Dal tropicalismo a Dragonball, dai supereroi alla margherita con bufala, dalle classiche napoletane alle sigle dei cartoni animati giapponesi, passando per gli Oliver Onions, Odissea nello spazio, Pino Daniele e il realismo magico. Schizofrenia culturale, in un album dove ogni brano appartiene a un genere diverso, un po’ come gridare al mondo: “la vostra monotonia ha rotto le palle”!

Cosa pensi della nuova scena cantautorale napoletana di cui fa parte?

È solo una delle numerose scene che nascono in città, di sicuro è quella in cui mi ci trovo meglio. Tutto quello che si è conquistata lo ha fatto con le proprie forze, senza l’aiuto di investimenti milionari e senza fare da colonna sonora a serie televisive. È la voce di una parte di popolo, forse piccola ma quella che più mi piace, viva e intelligente, umile e laboriosa. Si fa spazio fra mille mortificazioni e a volte inciampa nei marchingegni della burocrazia locale, è spinta poco ma ha la fortuna di avere un pubblico resistente che le permette di vivere di musica ed è già tanto.

Cosa manca per fare il grande salto?

Investimenti economici e riflettori accesi, spazi dove potersi esibire visto che ce ne sono sempre meno, confronto e maggiore diffusione. Un album che in chiave fantasy tratta diversi temi sociali.

Cosa ti spinge a trattare questi temi?

A volte il fantasy racconta la realtà mostrandone sfumature nascoste: evidenzia le supposizioni, per esempio, e mette in evidenza una morale. Cosa mi spinge a trattare temi sociali? La necessità! Viviamo nell’epoca dell’osannazione del nulla, dell’imbambolimento delle masse, dei cervelli spenti e del disprezzo degli ultimi. Stiamo subendo un processo d’imposizione del pensiero e mettiamo il successo individuale sopra ogni altra cosa (“Ego ha travolto Ecos, molesta idea di felicità”) perché consideriamo il riscatto materiale e personale l’unica fonte di benessere, annullando ogni minimo residuo di idea di comunità. Ci sono marche ovunque, anche dove non dovrebbero esserci, e stiamo consegnando il mondo nelle mani di pochi che prenderanno scelte al posto nostro. Non è assolutamente il tempo per stare in silenzio, bisogna dire la propria con coraggio e cercare assolutamente il confronto e il dialogo con il prossimo, dovremmo essere più umani e discutere di presente e futuro. “Restare umani”, diceva Vittorio Arrigoni. Che invito meraviglioso.

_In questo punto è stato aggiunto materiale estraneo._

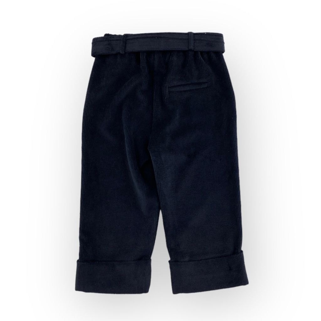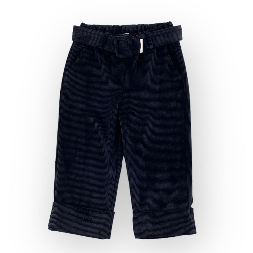 Pantalone in velluto elasticizzato, a palazzo con cintura abbinata, nei colori nero e panna, della linea Lulù bimba.
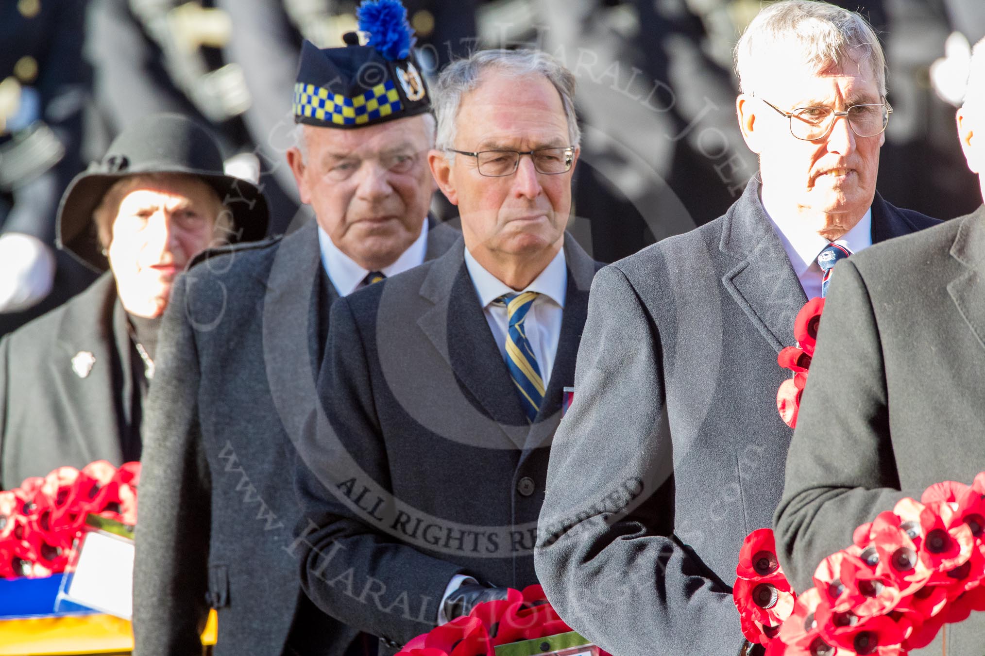 Veterans waiting for the March Past during the Remembrance Sunday Cenotaph Ceremony 2018 at Horse Guards Parade, Westminster, London, 11 November 2018, 11:36.
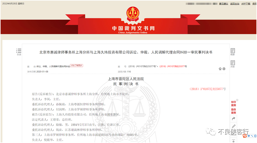 惠誠上海分所與委托人律師費(fèi)糾紛

Chi è il superman napoletano?

La leggenda del Superman napoletano è l’unico brano del disco ambientato a Napoli. È stato scritto qualche anno fa ed è stato decisamente premonitore sull’attuale situazione politica e sociale italiana, tanto da annusare la crescita esponenziale della Lega Nord quando il Carroccio era solo al 4% delle preferenze. È una canzone che prende in giro i cliché – vecchi e nuovi, reali e irreali – che “affliggono” la nostra città, combattuti da un supereroe dagli abiti raccattati e con un fisico da sollevatore di forchette. C’è un significato profondo però fra i suoi versi di matrice ironica, ovvero l’elogio all’uomo comune che in questa Metropolis (per citare il celebre fumetto), dove il lato oscuro e il lato buono della forza sono perennemente in conflitto, cerca di farsi strada sfuggendo ai tranelli nascosti dietro ogni angolo, con volontà, intelligenza, dedizione e lealtà.